+ 1

can anyone explain "std::ostream& IntArray<T>::operator<<(std::ostream&, const IntArray<T>&)' must take exactly one argument"

when i implement " ostream& operator<<(ostream& os,const IntArray &d)" ,which is member of class IntArray, outside of class, i write like this template<class T> ostream & IntArray<T>::operator<<(ostream & os, const IntArray<T> & d){...} above error is being reached please help!

8th Jun 2019, 8:13 PM
Abrorbek Zukhriddinov
Abrorbek Zukhriddinov - avatar
5 odpowiedzi
+ 5
Dennis 👍 right answer!
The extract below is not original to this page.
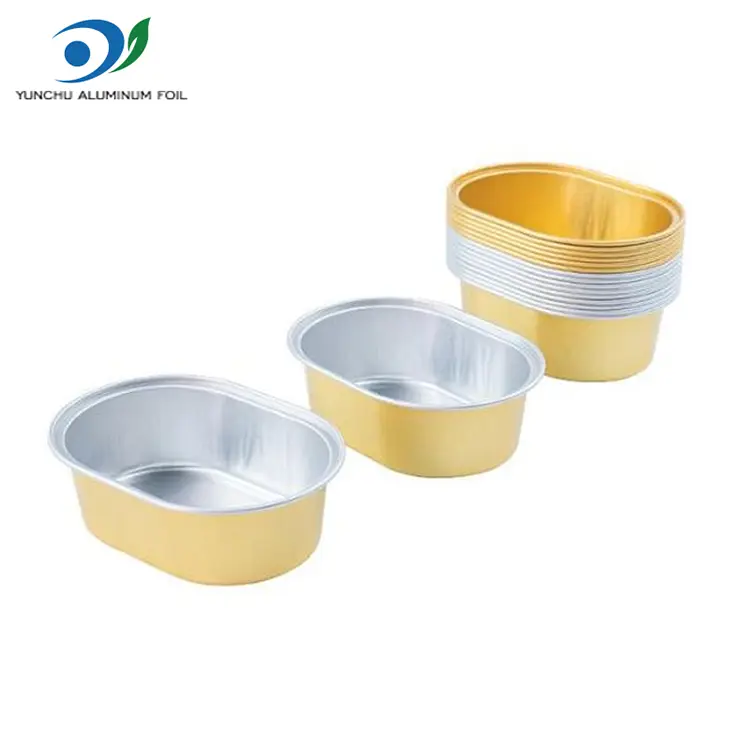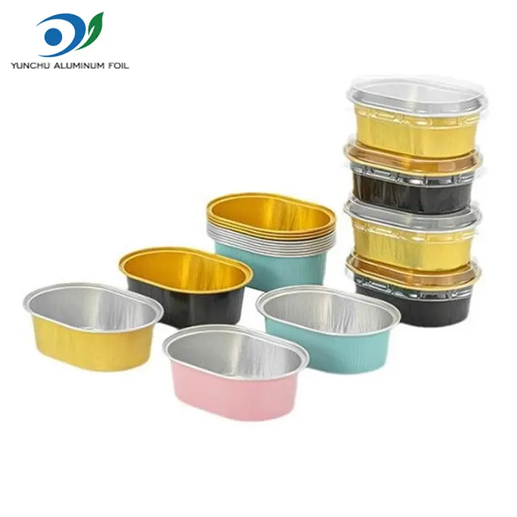 Le modèle de conteneurs ovales en papier d'aluminium à parois claires de haute qualité de l'usine chinoise de papier d'aluminium Yunchu est le E068, avec un diamètre supérieur de 76*56 mm (2,9*2,2 pouces), un diamètre inférieur de 66*45 mm (2,5*1,7 pouces) et une hauteur de 26 mm (1 pouce). Le volume est d'environ 68 millilitres (2,3 onces). Il s'agit d'une boîte à gâteaux de forme ovale pouvant être équipée d'un couvercle transparent en PET. Il convient à la cuisson d'aliments (tels que des petits puddings, des mini gâteaux, etc.) et aux petites applications alimentaires. Les conteneurs ovales en papier d'aluminium à parois claires sont fabriqués sur mesure avec un matériau en papier d'aluminium de qualité alimentaire, multifonctionnels dans un seul moule, formés par estampage d'une seule pièce et disponibles en plusieurs couleurs pour la personnalisation, qui peuvent répondre aux besoins de chaque client.

Abrorbek Zukhriddinov as you may have noticed the signature of ostream overload is different in source code... std::ostream &intArray<T>::operator << This overloads operator << of intArray and not ostream. In Dennis answer ostream is overloaded properly
9th Jun 2019, 2:39 PM
AZTECCO
AZTECCO - avatar
+ 3
Are you overloading ostream << operator or IntArray<T> << operator? Can you provide a piece of code please?
8th Jun 2019, 8:51 PM
AZTECCO
AZTECCO - avatar
+ 2
You need to make it a friend of IntArray so that it gets access to the private parts of IntArray. A friend function is not part of the class' member functions therefore IntArray<T>:: is not correct. Since your class is a template things get a bit more complicated, template friends are a less intuitive/hard part of the language. The way I usually do it is give the friend function a template as well. template<typename T> class IntArray { template<typename U> // <-- Can't be template<typename T> as it's already in use friend std::ostream& operator<<( std::ostream& os, const IntArray<U>& o ); // Notice the <U> and not the <T> private: T* a; int size; }; template<typename U> // Again, not T std::ostream& operator<<( std::ostream& os, const IntArray<U>& o ) { // ... return os; } Reason for it is if you don't template the friend as well and just use T then the compiler will only generate a declaration for IntArray<T> but there is no implementation for it so a linker error will occur. 'IntArray<int> a' would generate friend std::ostream& operator<<( std::ostream& os, const IntArray<int>& o ); and you would have to specifically implement std::ostream& operator<<( std::ostream& os, const IntArray<int>& o ){ ... } Now it works fine for IntArray<int> but breaks with IntArray<unsigned> unless you feel like implementing it for every possible type.
9th Jun 2019, 9:00 AM
Dennis
Dennis - avatar
+ 1
yes for sure! header file: template<class T> class IntArray{ public: /copy cunst.. / member functions /destructer private: T *a; int size; }; template<class T> std::ostream & operator<<(std::ostream & os, const IntArray<T> & d); //end of header file source code//implementattion: template<cass> std::ostream &IntArray<T>:: operator<<(std::ostream & os, const IntArray<T> & d){ for(int i=0;i<d,size;i++) os<<d.a[i]<<std::endl; return os; } i hope it is sufficient to understand the process!
9th Jun 2019, 3:14 AM
Abrorbek Zukhriddinov
Abrorbek Zukhriddinov - avatar
+ 1
Yes thanks for all of you! I got them !
9th Jun 2019, 3:39 PM
Abrorbek Zukhriddinov
Abrorbek Zukhriddinov - avatar